Kori ado Ko - der utopische Roman (5)
Dabei fiele ihr ja die Rolle der Schönen zu. Eine Rolle, die ihr in ihrem Erdenleben eigentlich niemand so recht gegönnt hat. Ausgesprochen unscheinbar sieht sie aus. „Zierlich, nicht zu schmal und nicht zu dick, halblanges mittelblondes Haar, manchmal lächeln dich graublaue Augen an, “ – das etwa waren die Worte, mit denen sie sich vor ihrer Aufnahme in das Raumforschungszentrum in einer erfolglos gebliebenen Kontaktanzeige beschrieben hatte.
Aber wer ist das Biest und wo steckt es? Der Weg fordert sie regelrecht zum Losgehen auf. Was bleibt ihr anderes übrig? Zwar sind Hunger und Durst noch nicht quälend stark, aber ein Schluck zu trinken und ein anständiges Frühstück wären schon jetzt nicht schlecht. Früher oder später wird sie essen und trinken müssen und Proviant hat sie keinen. Der Weg führt vielleicht zur Siedlung ihrer Gastgeber.
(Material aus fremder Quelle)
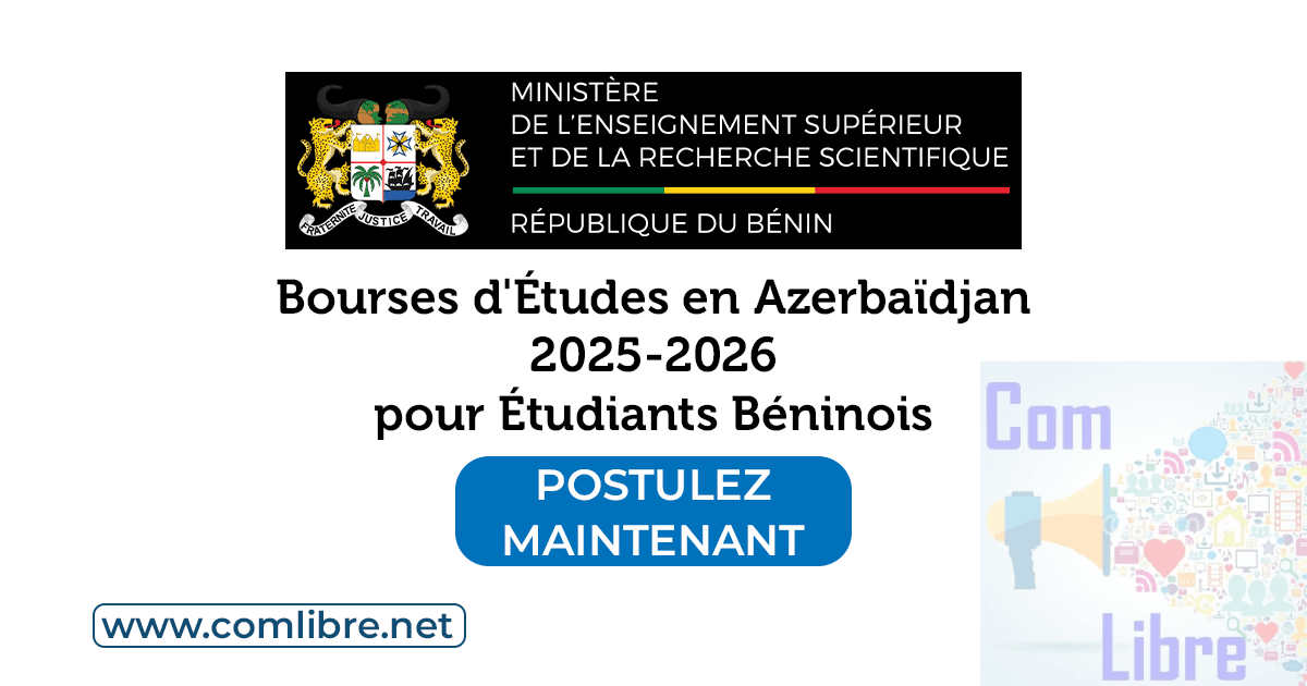 Le Ministère de l’Enseignement supérieur et de la Recherche scientifique (MESRS) communique une opportunité de bourses d’études offerte par la République d’Azerbaïdjan. Pour l’année académique 2025-2026, trois (03) bourses d’études supérieures sont mises à disposition des étudiants béninois.

Außerdem – wohin soll sie sonst gehen?
Ela stapft los. Unsicher mustert sie ihre Umgebung. Vielleicht wird sie von dem wohlmeinenden Biest belauert? Oder ist es jetzt nicht da? Muss sie sich allein gegen die feindliche Tierwelt wehren? Ela schüttelt den Gedanken ab. Sie sollte lieber genauer auf den Weg achten. Auf diesen schlangenförmigen nackten Ast zum Beispiel. Irgendwie hängt der verdächtig einsam auf den Weg herunter. Ela bleibt stehen.
Am Wegrand findest du verschieden große Wanderstöcke.
Kaum ist der Gedanke in ihr, da beugt sie sich herunter, und wirklich: Ein zweigloser Ast wartet regelrecht darauf, von ihr gefunden zu werden. Als sie ihn aufstellt, überragt er sie um ein Stück. Ela erinnert sich an ein Gemälde: Ein Schäfer auf einer Bergwiese hielt dort einen ähnlichen Riesenstock. Jetzt ist sie eben eine Schäferin in dieser fernen Welt. Mit ihrem Stab tippt Ela spielerisch den Ast an, der ihr so merkwürdig vorgekommen war. Plötzlich vollführt der blitzschnelle Wellenbewegungen, schlägt eine Acht, zieht sich zusammen, zermalmt den Knüppel und verschwindet im Blätterwerk.
Stille. Ela rührt sich nicht. Auch um sie herum rührt sich nichts. Kein Geräusch. Nichts. Als wäre nichts gewesen. Langsam löst sich Elas Erstarrung. Misstrauisch duckt sie sich, geht – gespannt jede Bewegung des Blätterdachs über sich beobachtend – unter der Stelle hindurch, wo soeben der angebliche Ast gehangen hat. Die Blätter, die von nahem eher an Farnzungen erinnern, geben den Blick auf den unheimlichen Gegner nicht frei. Ela erwischt sich schon wieder dabei, dem Unbekannten Namen zu geben, die vielleicht nur auf der Erde zutreffend sind. Aber was soll sie tun? Es ist alles so schnell gegangen. Das Etwas kann eine Schlange gewesen sein oder zu einem der Waldgewächse gehört haben. Oder es ist der Rüssel oder der Greifarm eines riesigen Tieres gewesen. Eines riesigen Tieres, das sie noch immer belauert, ohne dass sie es sieht… Wenn sie nur nicht so wehrlos wäre!
Bei planmäßigen Erkundungen trugen alle Mitglieder der Außenteams natürlich Strahler bei sich. Die letzte Erinnerung aber ist jene Katastrophe während der normalen Bordroutine. Warum hätten sie da Waffen bei sich tragen sollen?
Es ist nicht mehr weit. Keine Angst.
Schon wieder so ein fremder Gedanke. Er ist eigentlich sehr beruhigend … vom Inhalt her. Aber trotzdem verwirrt und beunruhigt er Ela. Sie ist sich jetzt sicher, dass diese Sätze irgendwie von außen in ihr Gehirn geschickt werden.
Ela beugt sich schnell wieder suchend zum Wegrand. Wo der eine Knüppel gelegen hat, fänden sich auch andere.